The location of the example code is chapter_09/phi3/examples/train_math.py.

Significance of the Example

  • Verification of SLM’s capabilities: It shows that even a small model can solve complex problems through high-quality data and efficient architecture.
  • Evaluation of inference ability: It evaluates the ability to infer answers to new formulas based on learned operation rules, rather than simple memorization.
  • Exploration of practical possibilities: Complex formula calculation is a fundamental ability that can be applied in various fields such as natural language processing and data analysis. This example allows us to glimpse the practical potential of SLM.

Training Data Format

We generated complex arithmetic data in the following format using the create_complex_arithmetic_data function:

  • Two or three numbers (1 ~ 50)
  • Two of the three operators (+, -, *) used
  • Optional use of parentheses (())
  • In the form of expression=result<eos> (e.g., (12+7)*3=57<eos>, 12+7*3=33<eos>)

Training Results

Sample 1: 41*8-2=326<eos>
Sample 2: 15+(9*48)=447<eos>
Sample 3: 35-6+38=67<eos>
Sample 4: 6*14*15=1260<eos>
Sample 5: 36*(13*46)=21528<eos>

...(training log omitted)...

Prompt: '23-23-50=' --> generated result: '23-23-50=-50'  (answer: 23-23-50=-50<eos>)
Prompt: '39-46-15=' --> generated result: '39-46-15=-22'  (answer: 39-46-15=-22<eos>)
Prompt: '(33-30)+30=' --> generated result: '(33-30)+30=33'  (answer: (33-30)+30=33<eos>)
Prompt: '30+14*27=' --> generated result: '30+14*27=412'  (answer: 30+14*27=408<eos>)

Result Analysis

  • Generally accurate calculations: In most test cases, it generated results that matched the answers or were very close. This means that the simple_phi3 model learned the operation rules of complex formulas well.
  • Some errors occurred: There is a tendency for errors to occur when multiplication is included or the numbers get larger. This can be caused by several factors, including the model’s size limitations and lack of diversity in the training data.
  • Ability to handle parentheses: It showed that it can process formulas with parentheses relatively accurately, indicating that it has the ability to understand context and operation order.

Conclusion

The simple_phi3 model, with only about 120,000 parameters, showed a high accuracy rate of around 80% in complex formula calculations. This means that it has learned complex rules such as parenthesis handling and operation order to a significant extent. Compared to large language models (LLMs) with billions of parameters, simple_phi3 shows impressive results despite its extremely small size (0.12M).

Code
import torch
import random
from dldna.chapter_09.phi3.examples.train_complex_math import PhiMiniConfig, PhiMiniForCausalLM, ComplexArithmeticDataset, train, create_complex_arithmetic_data, create_tokenizer, create_reverse_tokenizer, generate_text
from torch.utils.data import DataLoader

random.seed(42)
torch.manual_seed(42)

device = "cuda" if torch.cuda.is_available() else "cpu"

# Hyperparameters
num_samples = 100000      # Sufficiently large amount of data
max_value = 50           # Maximum value of operands (for slightly complex calculations)
seq_length = 30          # Complex arithmetic problems can have somewhat long expressions
batch_size = 128
epochs = 30
learning_rate = 1e-3

# Data generation
complex_data = create_complex_arithmetic_data(num_samples, max_value)
print("Training data examples:")
for i in range(5):
    print(f"Sample {i+1}: {complex_data[i]}")

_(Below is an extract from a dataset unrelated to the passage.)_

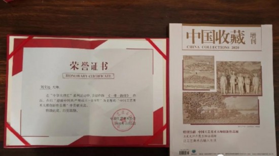 同年10月,《一帶一路》硯雕入展中國工藝美術(shù)協(xié)會組織的100名國家級大師全國展“中華大師匯”。
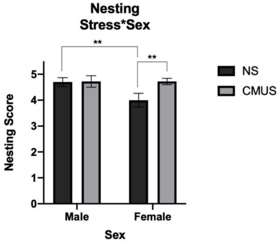 Nesting scores (stress*sex). Female mice undergoing CMUS made significantly better nests than females in the NS condition. Male mice under NS made significantly better nests than females in the NS condition (** p < 0.01).

# Create tokenizer and reverse tokenizer
tokenizer = create_tokenizer()
reverse_tokenizer = create_reverse_tokenizer(tokenizer)
updated_vocab_size = len(tokenizer)

# Configure Dataset and DataLoader
dataset = ComplexArithmeticDataset(complex_data, seq_length, tokenizer)
dataloader = DataLoader(dataset, batch_size=batch_size, shuffle=True)

# PhiMini Model Configuration
config = PhiMiniConfig(
    vocab_size=updated_vocab_size,
    hidden_size=64,              # Small model size for experimentation
    intermediate_size=128,
    num_hidden_layers=3,
    num_attention_heads=8,
    num_key_value_heads=8,        # K=V=Q
    max_position_embeddings=128,
    use_cache=False,
    use_return_dict=True,
)
config.pad_token_id = tokenizer["<pad>"]
config.eos_token_id = tokenizer["<eos>"]

# Create PhiMini For CausalLM Model
model = PhiMiniForCausalLM(config).to(device)
print("Total Trainable Parameters:", sum(p.numel() for p in model.parameters() if p.requires_grad))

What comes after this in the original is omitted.